What you need to do ▸
Below are records with pictures; copy word for word only the lines between the line with "Prince Vladislav Ludwig" and the line with "7 апреля - Всемирный день здоровья", inclusive, and drop the pictures.

** Excerpted records follows **

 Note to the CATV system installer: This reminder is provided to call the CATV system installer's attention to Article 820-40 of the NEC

** End of Excerpted records **
** Excerpted records follows **

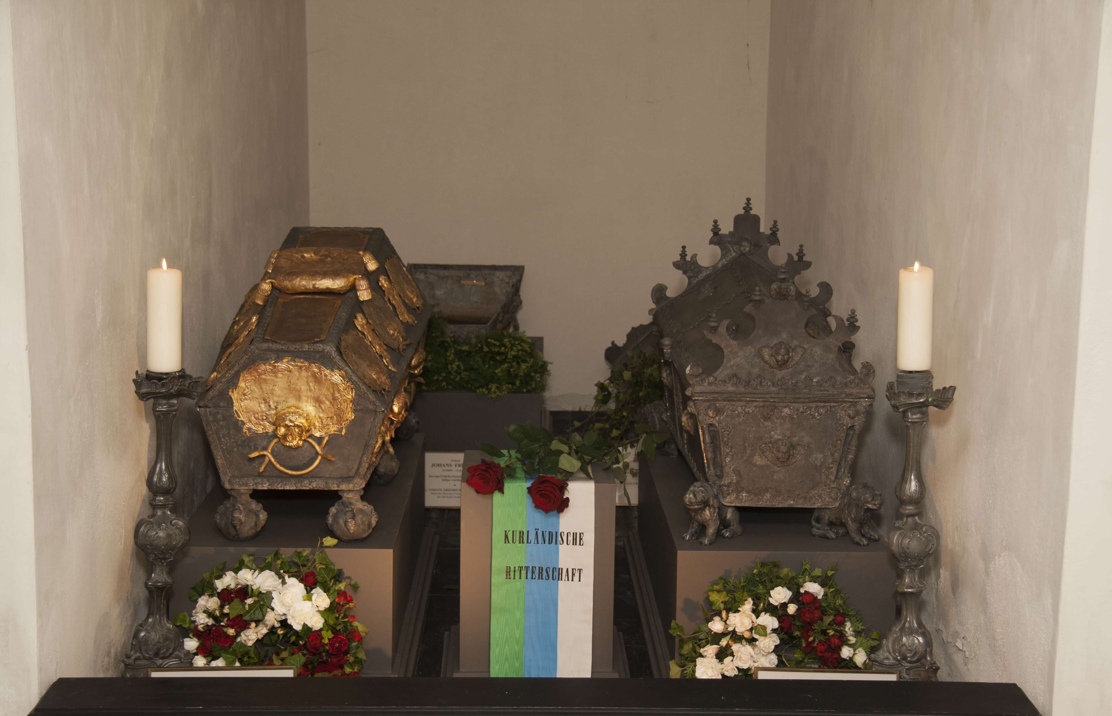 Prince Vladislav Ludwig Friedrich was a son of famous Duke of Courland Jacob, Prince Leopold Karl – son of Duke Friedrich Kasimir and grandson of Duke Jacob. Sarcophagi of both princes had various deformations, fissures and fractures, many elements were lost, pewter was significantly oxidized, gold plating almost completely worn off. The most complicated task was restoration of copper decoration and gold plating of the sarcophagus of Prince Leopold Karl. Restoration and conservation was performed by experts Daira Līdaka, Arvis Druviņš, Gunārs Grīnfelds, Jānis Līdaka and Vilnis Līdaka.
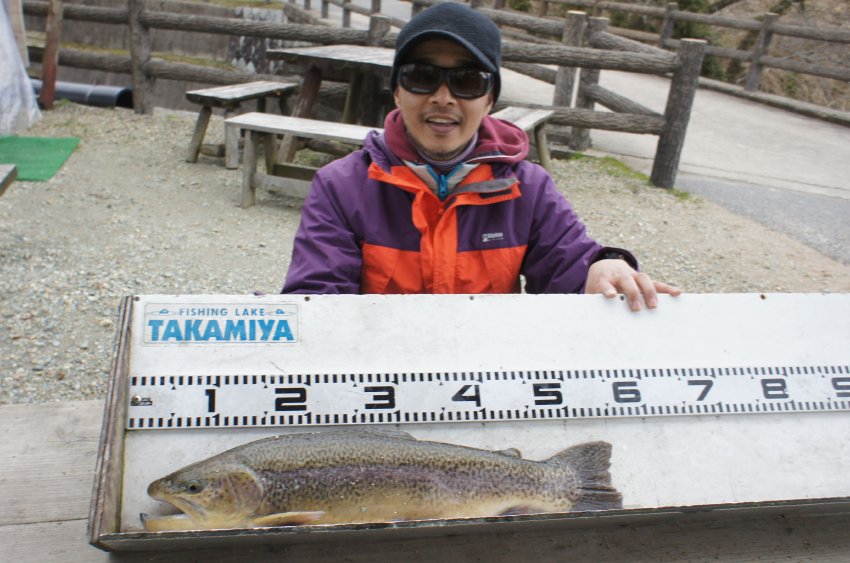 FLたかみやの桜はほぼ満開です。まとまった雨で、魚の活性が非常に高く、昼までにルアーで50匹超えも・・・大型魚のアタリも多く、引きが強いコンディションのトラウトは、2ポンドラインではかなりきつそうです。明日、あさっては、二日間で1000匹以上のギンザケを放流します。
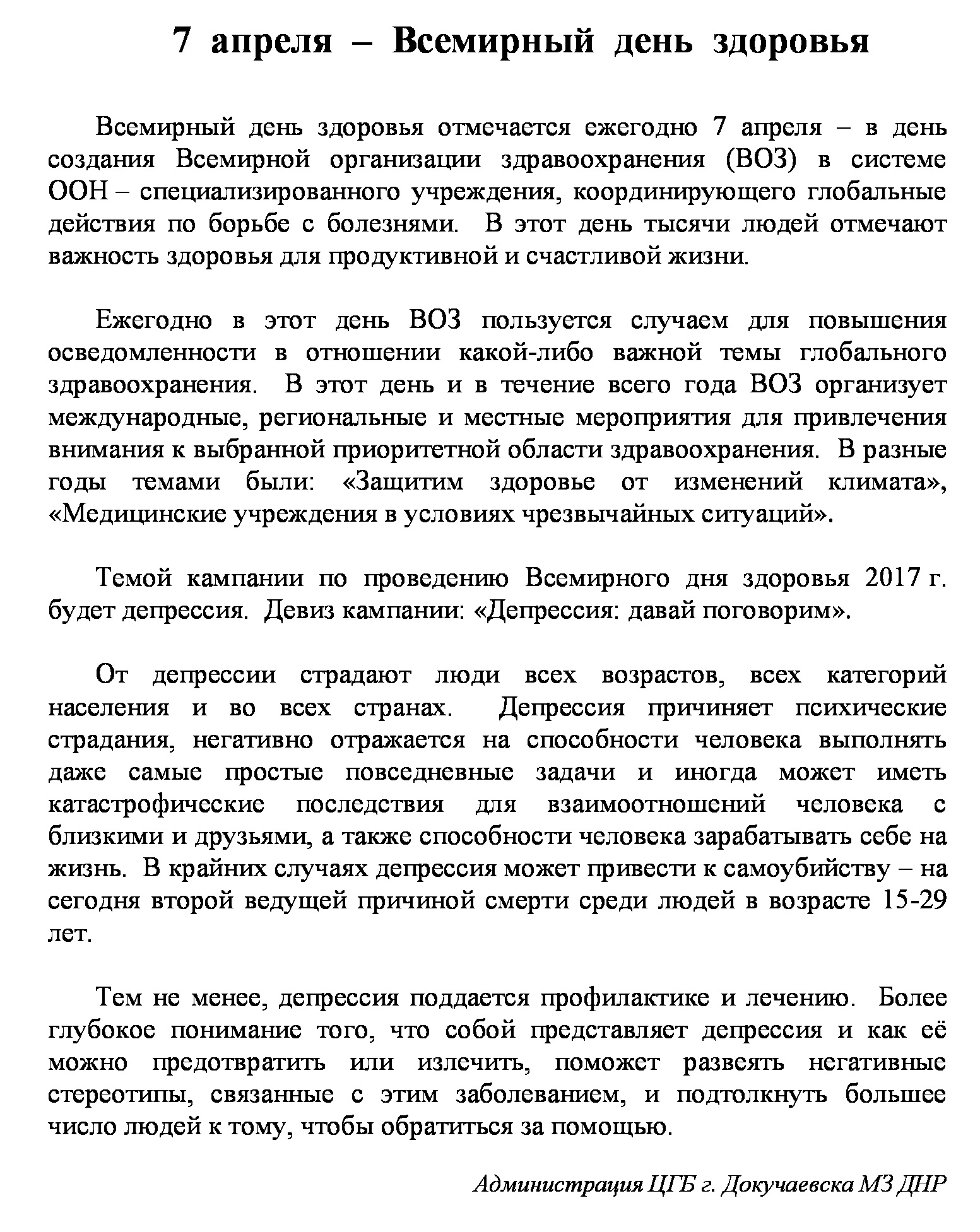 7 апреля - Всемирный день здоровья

** End of Excerpted records **

Result of the exercise ▸
 Prince Vladislav Ludwig Friedrich was a son of famous Duke of Courland Jacob, Prince Leopold Karl – son of Duke Friedrich Kasimir and grandson of Duke Jacob. Sarcophagi of both princes had various deformations, fissures and fractures, many elements were lost, pewter was significantly oxidized, gold plating almost completely worn off. The most complicated task was restoration of copper decoration and gold plating of the sarcophagus of Prince Leopold Karl. Restoration and conservation was performed by experts Daira Līdaka, Arvis Druviņš, Gunārs Grīnfelds, Jānis Līdaka and Vilnis Līdaka.
 FLたかみやの桜はほぼ満開です。まとまった雨で、魚の活性が非常に高く、昼までにルアーで50匹超えも・・・大型魚のアタリも多く、引きが強いコンディションのトラウトは、2ポンドラインではかなりきつそうです。明日、あさっては、二日間で1000匹以上のギンザケを放流します。
 7 апреля - Всемирный день здоровья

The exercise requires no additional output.